In my capstone project, I leverage machine learning techniques to detect potential fraud in healthcare claims. By analyzing historical data, I aim to identify patterns that distinguish fraudulent activities from legitimate claims. The project involves comparing various models, including Logistic Regression, Decision Tree, Random Forest, XGBoost, LightGBM, and CatBoost, both with and without hyperparameter tuning. Through this approach, I strive to build an effective fraud detection system that can assist insurers in mitigating financial risks while ensuring legitimate claims are processed efficiently.

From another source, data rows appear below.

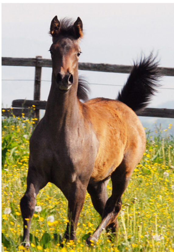
Bild: Nil Kebira, 2009, ebenfalls eine Kahloucha Tochter von Dahess hier im Alter von 10 Wochen. Nil Kebira ist zu 2/3 tunesisch gezogen.

Der Hengst Madjani war eines der erfolgreichsten Rennpferde der letzten Jahre. Er absolvierte insgesamt 17 Rennen von denen er 13 gewann und dreimal als Dritter platziert war. Als bisher einziges Pferd schaffte er es, die in den Vereinigten Arabischen Emiraten wichtigste mit USD 350'000 dotierte Gruppe 1 Prüfung „Dubai Kahayla Classic“ dreimal hintereinander zu gewinnen. Seine Gewinnsumme beläuft sich auf rund € 775'000.-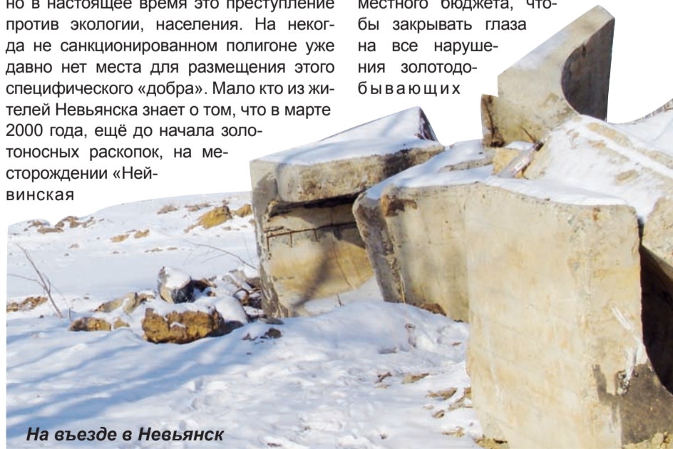
На въезде в Невьянск

россыпь» (на его территории находится пос. Холмистый) по инициативе администрации МО «Невьянский район» в рамках договора о развитии инфраструктуры территории МО «Невьянский район» артель старателей «Нейва» приняла на себя обязательство о долевом участии в проведении инженерно-геологических изысканий в Невьянском районе с целью выбора участков, пригодных для размещения промышленных и бытовых отходов. А ведь до окончания срока аренды земельного участка с золотоносной россыпью «Нейвинская» и обязательств по договору осталось менее года. Не окажемся ли мы в очередной раз в положении, когда спросить за несоответствующее исполнение должностных обязанностей, за невыполненные договорные условия будет не у кого. Нередко возникают ситуации, когда вновь избранное руководство администрации затрудняется с ответом на тот или иной вопрос, как правило, ссылаясь на халатность и некомпетентность предыдущей команды. В результате мы сталкиваемся с тем, что не знаем, в какую инстанцию обратиться далее, а возникшие проблемы не решаются. Остаётся лишь вспоминать название зарубежного фильма «Истина где-то рядом». Безответным останется вопрос: как же вы собираетесь исправлять, мягко говоря, эти недоработки? На природоохранные мероприятия Программа социально - экономического развития Невьянского городского округа на 2012 - 2014 года предусматривает не такое уж большое финансирование из местного бюджета, чтобы закрывать глаза на все нарушения золотодобывающих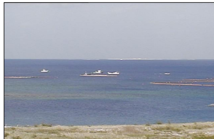
③-B 平成26年11月 浚渫工事・護岸築造工事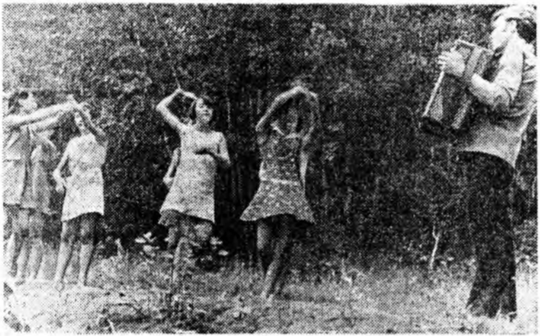
Нэгэдэхи отрядийхид хатар наадаанда хурана.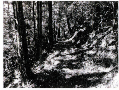
・愛知県北設楽郡設楽町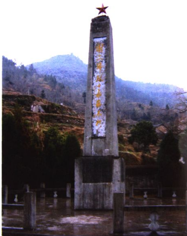
谢文锦烈士纪念碑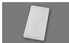
> Weblink 40.001.277.00 / CHF 151.- Tagliere, sintetico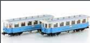
H43101 ZUGSPITZBAHN 2 WAGEN H0M / 12MM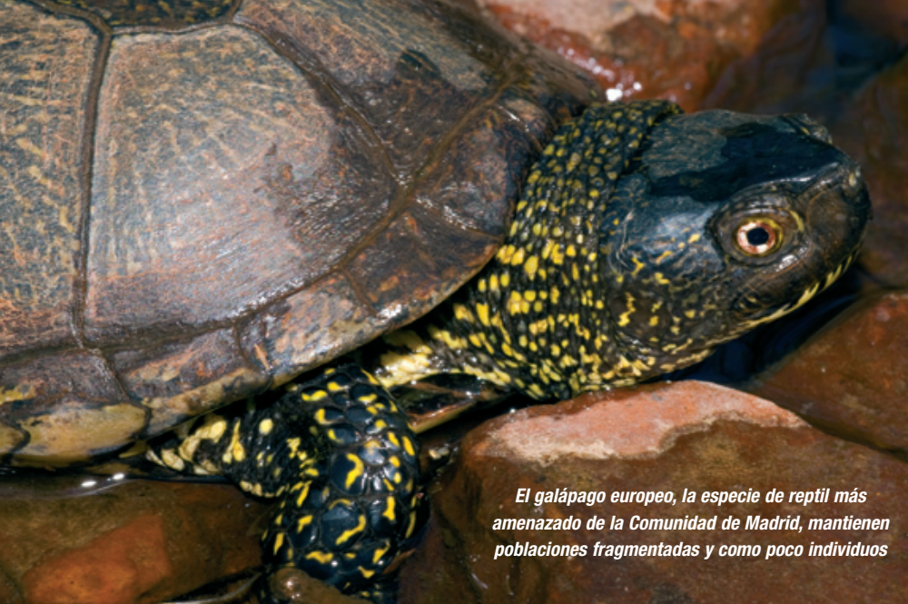
El galápago europeo, la especie de reptil más amenazado de la Comunidad de Madrid, mantienen poblaciones fragmentadas y como poco individuos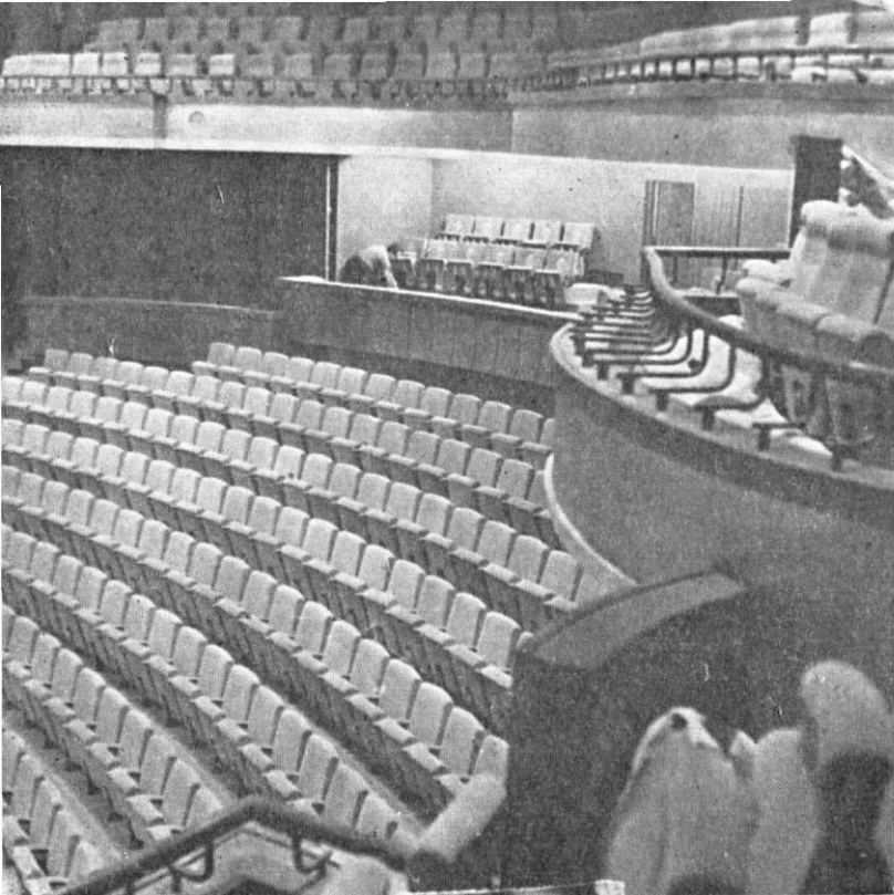
Tot sala mare... unghiuri de vizi- bilitate judicio- ase

Ne pregătim să pătrundem în clădirea teatrului, parcurgând spațiile largi ce preced intrarea, sau, lăsând mașina la parcajul subteran, pe locurile rezervate dumneavoastră ca spectator, și urcând cu lifturile "direct" în teatru.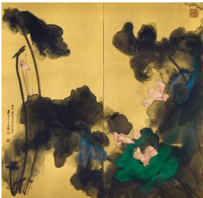
张大千《花开十丈影参差》，泼墨泼彩金笺，双折屏风，1973 年作，178 x 180 公分

公开展览：2019 年 10 月 12 日至 11 月 9 日（逢周一至周六） 蘇富比艺术空间 | 金钟太古广场一期五楼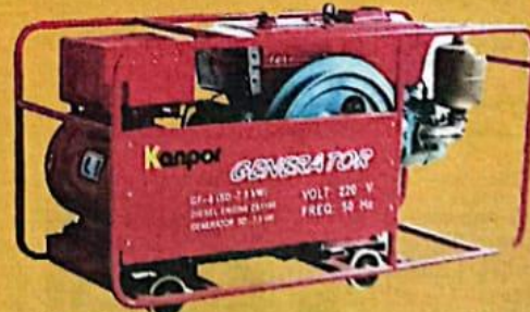
HDGF115 - GENERADOR MONOFASICO 125KW 15KVA 120 - 240V 1500RPM 60HZ 4 CICLOS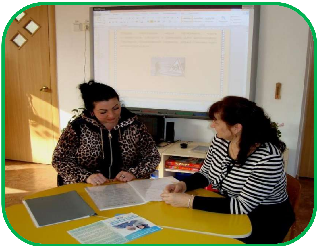
Мастер-классы для педагогов из опыта работы

In this blog post, I’ll walk through my project objectives, data preprocessing, feature engineering, exploratory data analysis, model evaluation and key findings. Let’s dive into the fascinating world of machine learning-powered fraud detection.
Dataset :
The dataset used in this project is based on data uploaded to Kaggle by Rohit Anand Gupta. The dataset consists of four distinct sub-datasets: Inpatient, Outpatient, Beneficiary, and Fraud labels. Each one is described in the graph below.

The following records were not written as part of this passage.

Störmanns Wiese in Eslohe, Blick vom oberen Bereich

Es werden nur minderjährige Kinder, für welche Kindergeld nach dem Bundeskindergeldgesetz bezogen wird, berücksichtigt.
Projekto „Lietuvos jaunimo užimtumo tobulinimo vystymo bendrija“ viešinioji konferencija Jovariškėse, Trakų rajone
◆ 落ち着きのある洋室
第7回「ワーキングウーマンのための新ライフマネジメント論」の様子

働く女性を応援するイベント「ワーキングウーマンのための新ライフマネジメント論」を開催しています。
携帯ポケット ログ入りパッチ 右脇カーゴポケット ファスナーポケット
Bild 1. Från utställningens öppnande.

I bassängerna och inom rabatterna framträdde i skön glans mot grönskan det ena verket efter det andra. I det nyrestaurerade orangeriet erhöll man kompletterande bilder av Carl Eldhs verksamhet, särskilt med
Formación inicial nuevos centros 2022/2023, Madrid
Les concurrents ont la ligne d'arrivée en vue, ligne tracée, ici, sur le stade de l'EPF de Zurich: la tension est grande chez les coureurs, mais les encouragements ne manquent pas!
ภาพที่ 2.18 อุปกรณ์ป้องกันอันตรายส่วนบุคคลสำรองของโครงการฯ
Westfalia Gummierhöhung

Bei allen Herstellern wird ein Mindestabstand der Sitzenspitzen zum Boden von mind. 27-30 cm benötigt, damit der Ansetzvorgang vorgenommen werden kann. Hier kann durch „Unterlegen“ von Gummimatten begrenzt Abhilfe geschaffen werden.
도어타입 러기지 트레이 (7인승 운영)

Link: data set, https://www.kaggle.com/rohitrox/healthcare-provider-fraud-detection-analysis
Project Objectives:
- Identify fraudulent activities in healthcare claims and transactions. This helps reduce financial losses, improve efficiency and ensure ethical medical practices.
- Develop predictive models and evaluate model performance
- Build machine learning models to classify providers as fraudulent or non-fraudulent based on claim patterns. Assess models using metrics like precision, recall, F1-score and ROC_AUC to ensure reliable fraud detection
Data Preprocessing:
In fraud detection models, robust data preprocessing is critical to uncovering hidden patterns and ensuring reliable predictions. The graph outlines a structured approach to preparing raw data for analysis, focusing on mitigating common challenges like missing values, inconsistent scales, and categorical data handling.
Below is a breakdown of what’s involved for each of the key steps involved: handling missing values, label encoding, data aggregation, data scaling, and tuning adjustments for class weight:
This preprocessing pipeline ensures data quality, addresses class imbalance, and transforms raw data into actionable insights, key steps for building accurate fraud detection systems. By streamlining provider-level analysis and standardizing inputs, models can better distinguish legitimate claims from fraudulent ones, ultimately improving operational efficiency and reducing financial losses.
Features Engineering:
Feature engineering is a pivotal step in refining raw data into meaningful predictors for fraud detection. The graph below illustrates a strategic approach to creating and dropping features, ensuring the model focuses on the most relevant and reliable indicators while minimizing noise.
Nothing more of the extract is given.